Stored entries
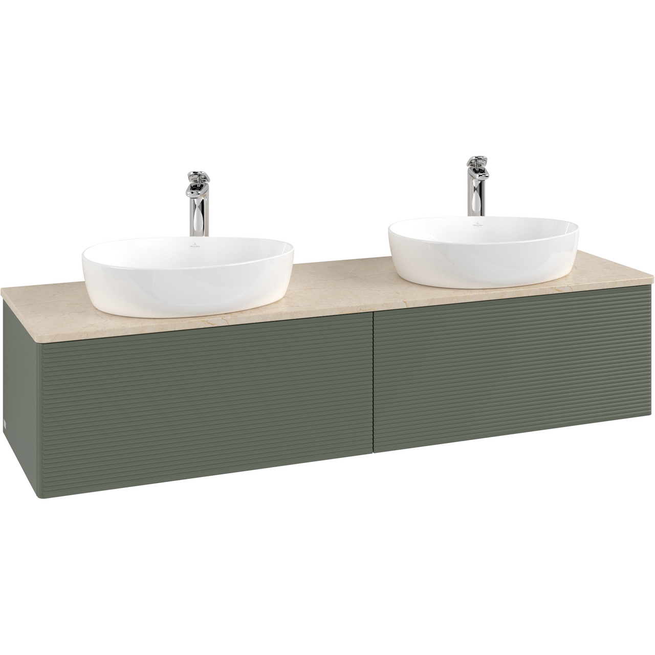 V&b antao servantskap 2 skuffer rillet 1600x360x500 for 2 serv. m/kranhull m/lys grønn/créme
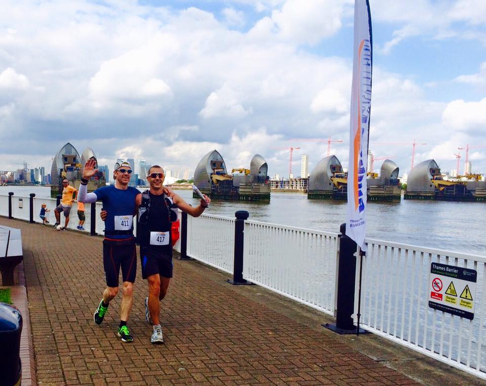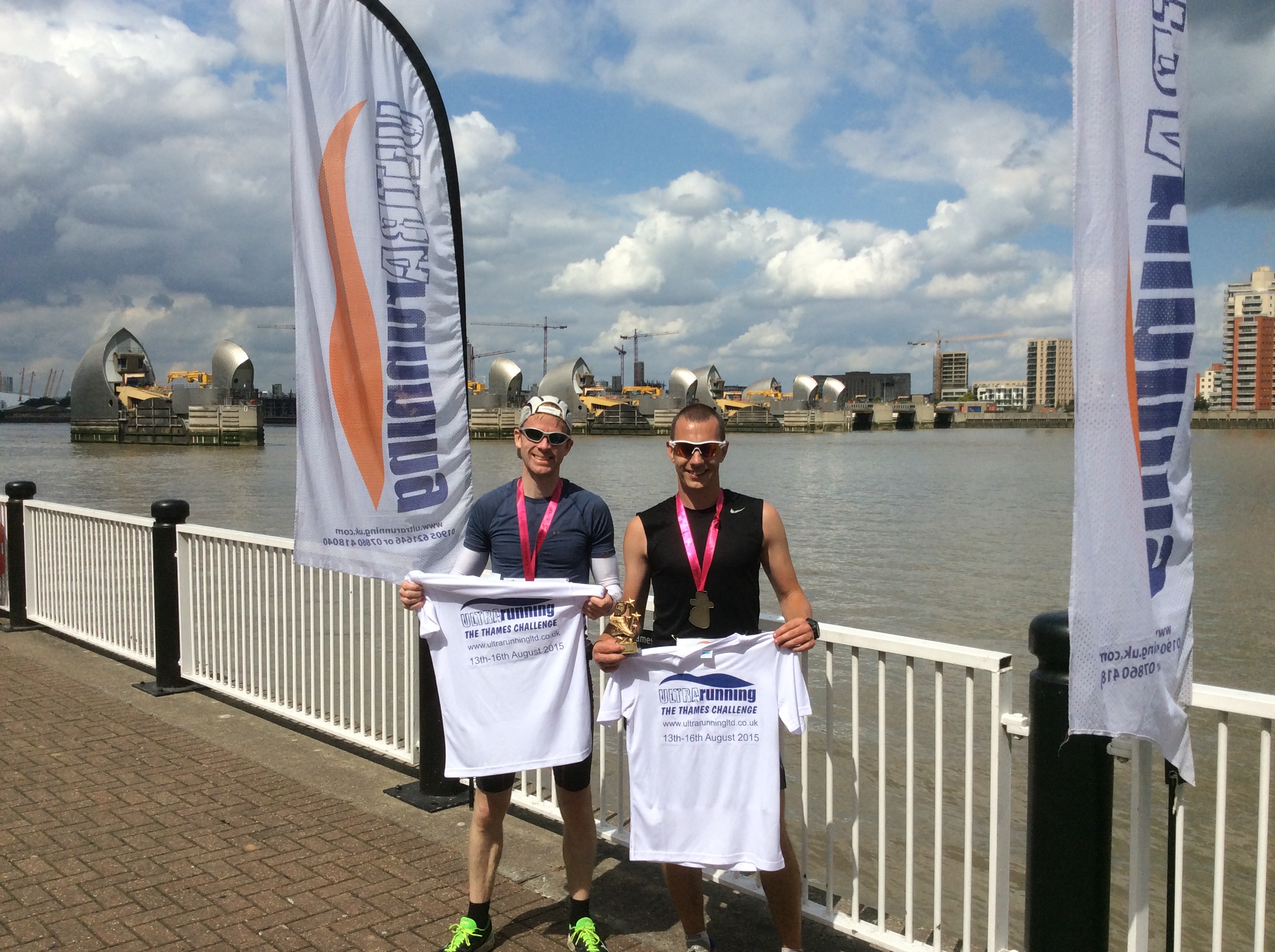 Then came the problems. The tourists and traffic were quite fun to negotiate, but the race route wasn’t as got lost a few times trying to find the Thames path and match up the Garmin route on my watch with the maps. After back tracking a few times we started to lose the love for racing and decided to nip into a shop to top up on food and liquid (something I’ve not done in a race before). We did however enjoy our surroundings and the company so decided to stay together to the finish despite the fact I was holding Paul up when I body stiffened in the final miles. We still finished in joint first. I was very pleased to have held the pace for the majority of the race and complete the distance (in a crumpled heap), as I expected and even planned to pull out at one of the check points.
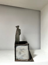 Unique colouring! A wall hanging or sitting metal holder, used to be for a comb + brush, today it can hold its own staying empty, or use to hold receipts or mail!
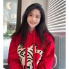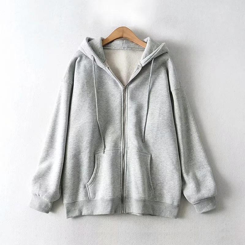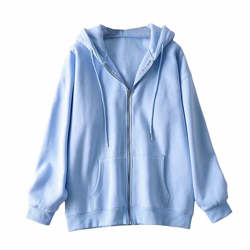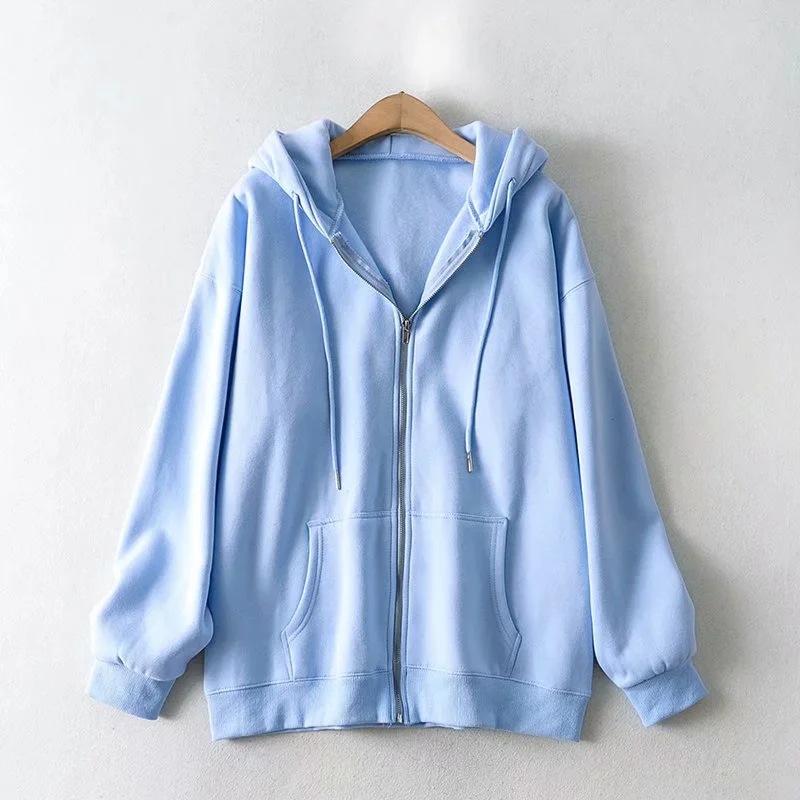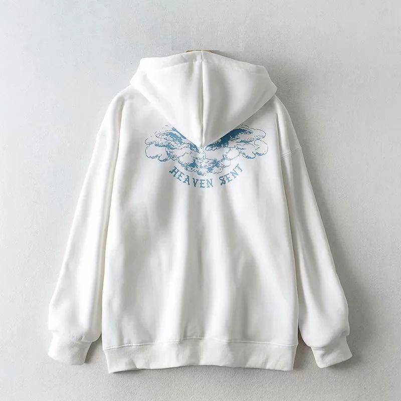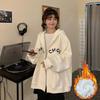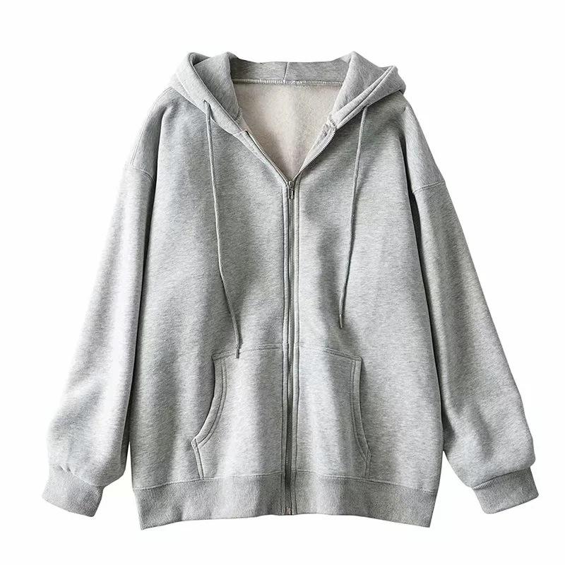 Suéter con capucha y cuello en V para mujer, estilo europeo y americano, holgado, con cremallera y estampado, para otoño e invierno
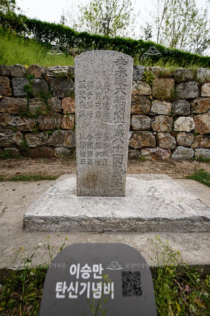 비석군 등록번호 00019305 생산일자 2021 생산지역 근화동 생산자 춘천학연구소 수집처 춘천학연구소 소장자 춘천학연구소 내용 비석군_이승만 탄신기념비 『근화동(2021)』 관련사진 사용안내 비상업적 이용만 가능|©춘천디지털기록관 상업적 사용·수정·재배포는 저작권자 동의 필요 다운로드 목록보기
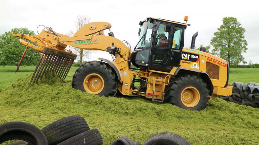 Clare-based contractor Tom Garvey was one of two contractors on the island of Ireland to make the change and opt for a new CAT loader for the pit this silage season. Garvey took delivery of a new CAT 926M ‘Ag Handler’, which replaced a Volvo L90. The L90 had previously replaced a JCB 434S.
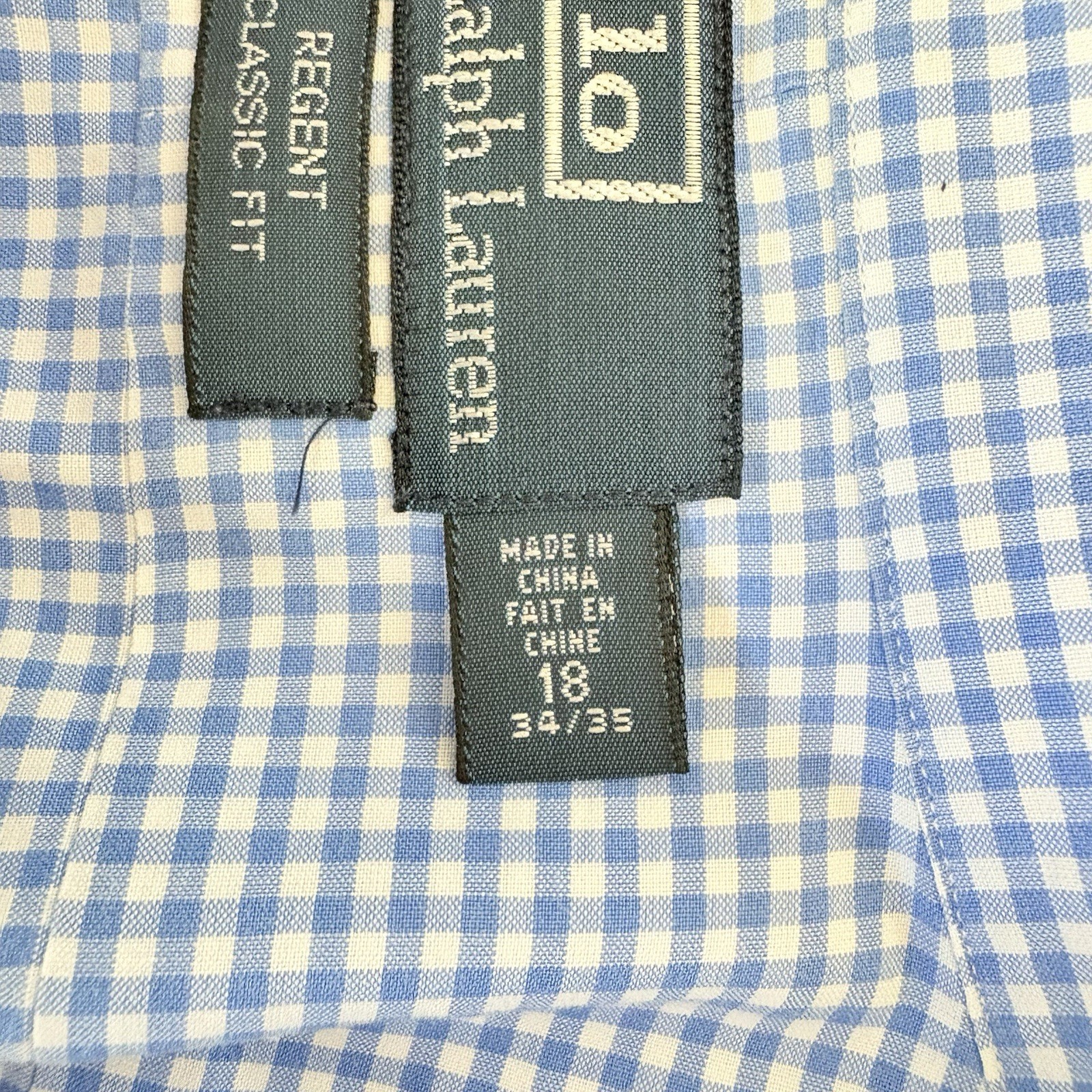 как выглядит Polo Ralph Lauren Men s Button Up Dress Shirt Blue Plaid Classic Fit Sz 18 34/35 фото
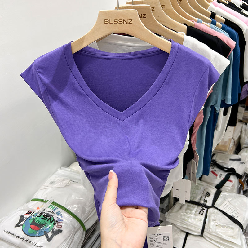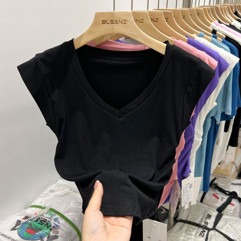 欧货白色v领t恤女修身夏季新款洋气露锁骨心机短款无袖上衣潮

EXERCISE DESCRIPTION: Each record, word for word, should be printed again without its pictures.

TASK SOLUTION:
 V&b antao servantskap 2 skuffer rillet 1600x360x500 for 2 serv. m/kranhull m/lys grønn/créme
 Then came the problems. The tourists and traffic were quite fun to negotiate, but the race route wasn’t as got lost a few times trying to find the Thames path and match up the Garmin route on my watch with the maps. After back tracking a few times we started to lose the love for racing and decided to nip into a shop to top up on food and liquid (something I’ve not done in a race before). We did however enjoy our surroundings and the company so decided to stay together to the finish despite the fact I was holding Paul up when I body stiffened in the final miles. We still finished in joint first. I was very pleased to have held the pace for the majority of the race and complete the distance (in a crumpled heap), as I expected and even planned to pull out at one of the check points.
 Unique colouring! A wall hanging or sitting metal holder, used to be for a comb + brush, today it can hold its own staying empty, or use to hold receipts or mail!
 Suéter con capucha y cuello en V para mujer, estilo europeo y americano, holgado, con cremallera y estampado, para otoño e invierno
 비석군 등록번호 00019305 생산일자 2021 생산지역 근화동 생산자 춘천학연구소 수집처 춘천학연구소 소장자 춘천학연구소 내용 비석군_이승만 탄신기념비 『근화동(2021)』 관련사진 사용안내 비상업적 이용만 가능|©춘천디지털기록관 상업적 사용·수정·재배포는 저작권자 동의 필요 다운로드 목록보기
 Clare-based contractor Tom Garvey was one of two contractors on the island of Ireland to make the change and opt for a new CAT loader for the pit this silage season. Garvey took delivery of a new CAT 926M ‘Ag Handler’, which replaced a Volvo L90. The L90 had previously replaced a JCB 434S.
 как выглядит Polo Ralph Lauren Men s Button Up Dress Shirt Blue Plaid Classic Fit Sz 18 34/35 фото
 欧货白色v领t恤女修身夏季新款洋气露锁骨心机短款无袖上衣潮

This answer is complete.